NutritionPer Serving

  • Calories315
  • Carbs25g
  • Protein31g
  • Fat7.5g
  • Saturates1.7g
  • Sugars15g

Ingredients for Pinch of Nom Mexican-Style Salad laid out on counter.

For the full list of ingredients and comprehensive instructions, please see the recipe card below. Before you scroll, there’s important stuff in the blurb!

If you’ve been on the hunt for a nutritious dinner that’s anything but boring, we have a feeling this Mexican-Style Salad is going to become a regular in your rotation.

We’ve taken juicy chicken breast and coated it in our own Mexican-inspired spice blend, giving it a smoky, gently spiced kick that works perfectly with crisp lettuce, crunchy cucumber, sweet peppers, and red onion. Add in protein-packed black beans and sweetcorn for plenty of colour, texture and flavour, and you’ve got a real flavour sensation.

The creamy avocado dressing is what really brings everything together.

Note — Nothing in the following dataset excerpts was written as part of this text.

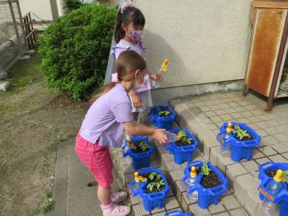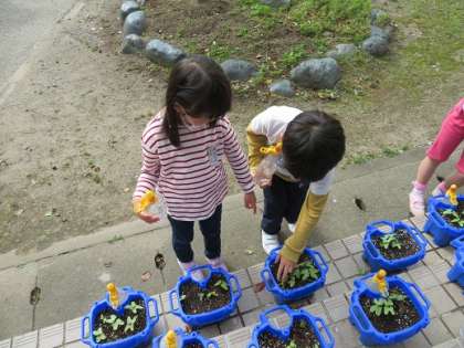 1年生も、アサガオの様子を見るのが日課となっています。早く大きく成長しないかな。
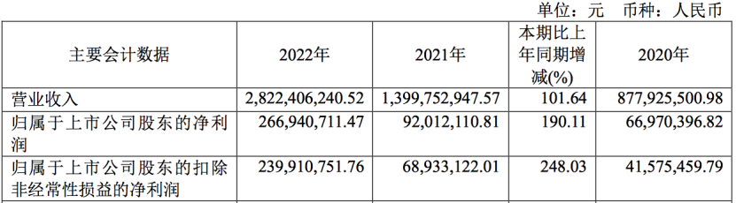 2022年开云kaiyun激光营业收入约28.22亿元,同比增加101.64%。扣非净利润同比增长248.03%,开云kaiyun激光2022年经营性收入节节攀升,主营业务盈利能力强。并且从2020年到2022年扣非净利润实现跨越式增长。
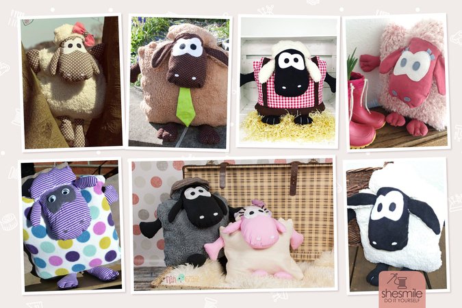 Hallo! Wir sind‘s, Sepp & Sibylla, die Schafkissen. Näh uns aus einem alten Pullover, Strickkleid, oder kuscheligem Plüsch- und Fellstoff. Auf dem Rücken haben wir einen Reißverschluss. So kann man uns als praktischen Kissenbezug nutzen. (Alternative Verschlussmöglichkeiten sind Druckknöpfe oder ein Hotelverschluss. Das wird aber nicht im E-Book beschrieben.) In unseren Bauch passt ein 40 x 40 cm Füllkissen oder Füllwatte.

Blended with fat-free yoghurt, fresh coriander and a squeeze of zingy lime, it’s the sort of dressing you’ll find yourself wanting to drizzle over everything!

Because it’s loaded with lean protein and fibre, this salad is filling enough to keep you going from lunchtime right through to dinner, making it ideal for busy days when you need something that’ll keep hunger at bay.

What diets is this Mexican-Style Salad suitable for?

This Mexican-Style Salad is suitable for those following a gluten-free diet, and it can easily be made dairy-free. Just be sure to swap out the following ingredients for suitable versions:

  • Yoghurt

Remember to take extra care when you’re cooking for people with allergies. Use separate utensils, cookware, and preparation surfaces.

Do you need any special ingredients to make Mexican-Style Salad?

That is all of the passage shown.